Banks are always looking to reduce risk. Some are willing to gamble more than others, but every lender will opt for the conservative route when possible. Let’s look at the worst case scenario, if something were to go wrong and you are unable to pay back the loan on your apartment, the lender would want to be able to sell the apartment to recoup the losses. With this in mind, lenders prefer to fund the purchase of properties that can be sold quickly .
Lenders will rarely take a punt on properties that they are not able to be protected by mortgage insurers. Mortgage insurers offer lenders mortgage insurance (LMI) to protect the bank if you default on your loan. These insurers generally won’t cover properties under 40 square metres, so the banks have little choice but to follow suit.The exact regulations and restrictions for apartment loans are dependent on each individual lender’s willingness to accept risk. Here are some common conditions for apartment loans.
- Bedroom requirements. Many lenders will require the apartment to have a bedroom that is separate to the living area, which means they will not provide financing for studio apartments.
- Limits to exposure. Some large lenders will also look to limit their exposure to individual developments. For example, once a lender has funded a certain percentage of purchases in a new apartment complex, but once it hits a certain limit they may refuse to offer loans for any more apartments in the same complex.
- Property use. Properties that are managed as part of a hotel or resort, for example, may not qualify for a loan. Some lenders will only finance loans for apartments designed for residential use.
- Size limits. Most lenders impose restrictions on the minimum size of an apartment. As a general rule, the apartment will need to be at least 45 or 50 square metres (excluding the balcony and any car spaces) in order to qualify for a loan. If your apartment is smaller than this, finding the funds you need may be difficult.

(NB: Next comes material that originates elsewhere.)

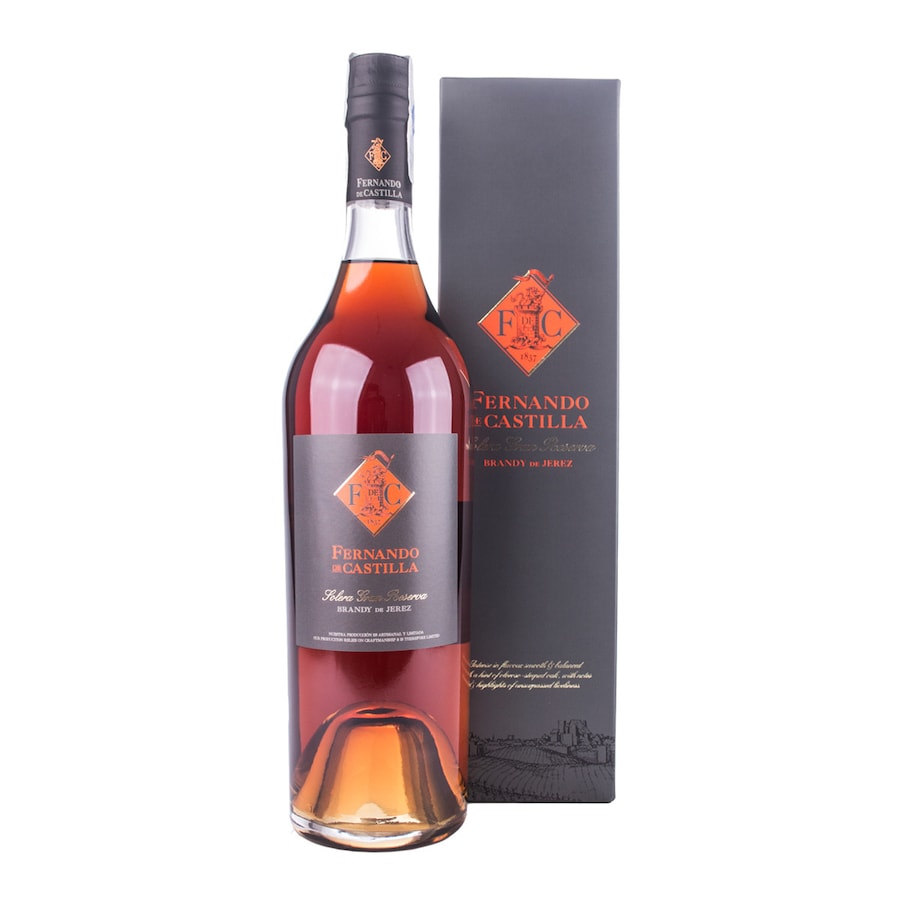 Los brandies de Fernando de Castilla provienen de selectos destilados de vinos blancos que, tras numerosos años de envejecimiento en barricas previamente utilizadas para producir vinos de Jerez, dan como fruto unos brandies de gran personalidad y nobleza. Los bodegueros han adoptado para el envejecimiento del brandy, el original y característico sistema jerezano de criadera y soleras, ya empleado en la crianza y añejamiento de los vinos, el cual, unido al previo envinamiento de las botas de roble americano, a las singulares características y estructuras de las bodegas y al microclima de que goza la zona, forman un conjunto de factores irrepetibles, que dan como resultado un producto único con personalidad propia y cualidades organolépticas bien definidas y originales. Las holandas de alquitaras seleccionadas son envejecidas primero en añadas y después por el sistema de criaderas y soleras en botas de roble envinadas con olorosos y amontillados viejos de jerez. Color caoba dorado, con notas de roble. Amplio, limpio y muy elegante.

- Deposit requirements. Lenders will always consider the property value in relation to the loan amount, also known as the loan-to-value ratio (LVR). For small apartments of less than 40 square metres, you most likely won’t be able to borrow more than 80% of the property’s value, which means you’ll need to have a deposit of at least 20% of the purchase price ready to go. The maximum LVR you will usually be able to borrow is 90%.